I started putting each track under investigation. Which artists would saunter up to the racial border? And which could do their sauntering without violating it? I could hear degrees of blackness in the choir-loft certitude of Doobie Brothers-era Michael McDonald on “What a Fool Believes”; in the rubber-band soul of Steely Dan’s “Do It Again”; in the malt-liquor misery of Ace’s “How Long” and the toy-boat wistfulness of Little River Band’s “Reminiscing.”
Then Kenny Loggins’s “This Is It” arrived and took things far beyond the line. “This Is It” was a hit in 1979 and has the requisite smoothness to keep the yacht rocking. But Loggins delivers the lyrics in a desperate stage whisper, like someone determined to make the kind of love that doesn’t wake the baby. What bowls you over is the intensity of his yearning — teary in the verses, snarling during the chorus. He sounds as if he’s baring it all yet begging to wring himself out even more.
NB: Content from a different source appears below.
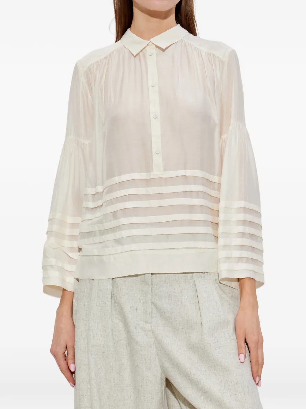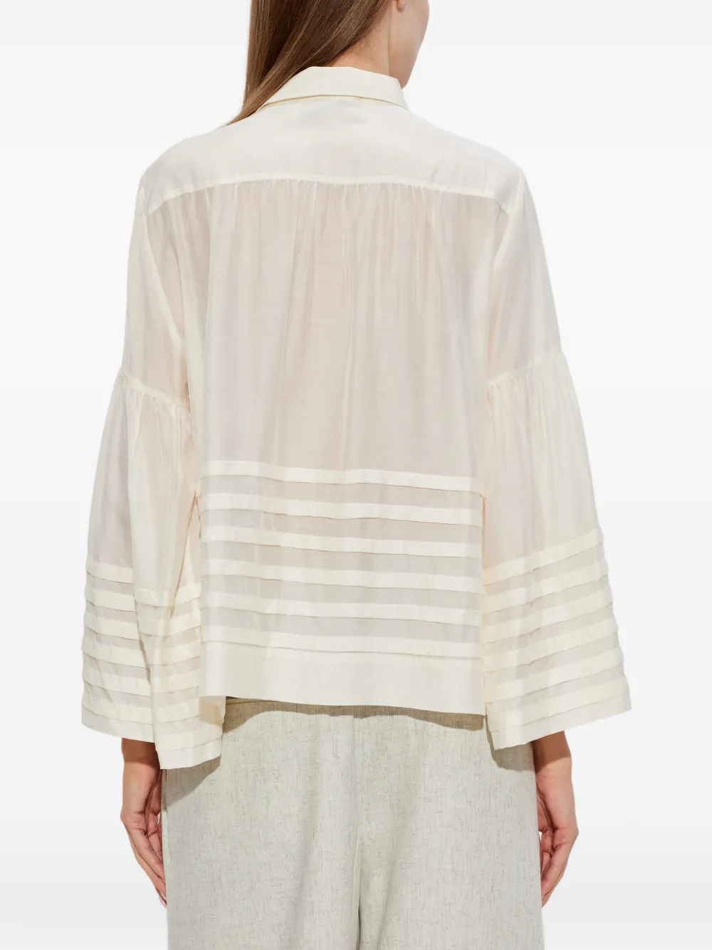 Цвет слоновой кости, застёжка на пуговицы, расклёшенные рукава, полупрозрачная

Playing black-music detective that day, I laughed out of bafflement and embarrassment and exhilaration. It’s the conflation of pride and chagrin I’ve always felt anytime a white person inhabits blackness with gusto. It’s: You have to hand it to her. It’s: Go, white boy. Go, white boy. Go. But it’s also: Here we go again. The problem is rich. If blackness can draw all of this ornate literariness out of Steely Dan and all this psychotic origami out of Eminem; if it can make Teena Marie sing everything — “Square Biz,” “Revolution,” “Portuguese Love,” “Lovergirl” — like she knows her way around a pack of Newports; if it can turn the chorus of Carly Simon’s “You Belong to Me” into a gospel hymn; if it can animate the swagger in the sardonic vulnerabilities of Amy Winehouse; if it can surface as unexpectedly as it does in the angelic angst of a singer as seemingly green as Ben Platt; if it’s the reason Nu Shooz’s “I Can’t Wait” remains the whitest jam at the blackest parties, then it’s proof of how deeply it matters to the music of being alive in America, alive to America.
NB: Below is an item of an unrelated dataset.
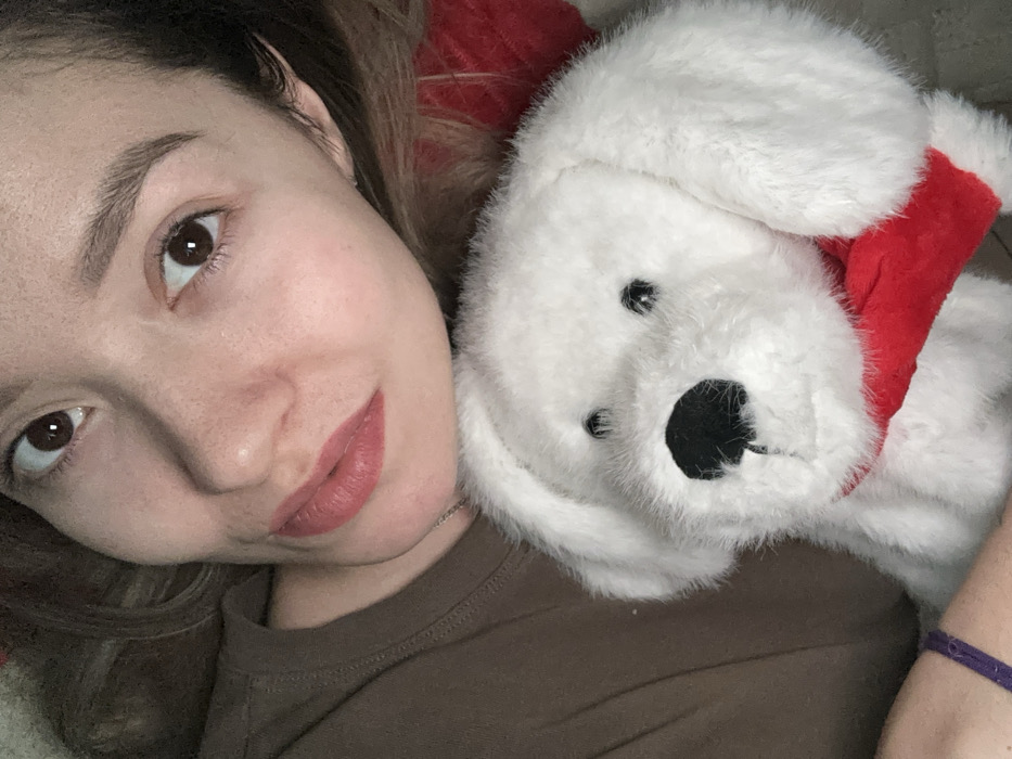 A woman lies next to a plush, white dog with a red collar. She has fair skin, brown eyes, and defined eyebrows. She is wearing a brown t-shirt. Her face is close to the camera, showing slight smile. The dog's face, with its black eyes and nose, is also prominently displayed. The background includes a glimpse of a reddish surface.

If you can’t tell by now, I recommend it. It’s one reason this project has been such an eye-opening pleasure to read.
I wish I could say anything else was a pleasure today, but it wasn’t. Terrible, terrible insomnia last night, which always leaves me depressed and miserable the next day. At least I was able to play the work-from-home card. I expect — I hope — to get a better night’s sleep tonight, and that tomorrow will be better. Keep a good thought.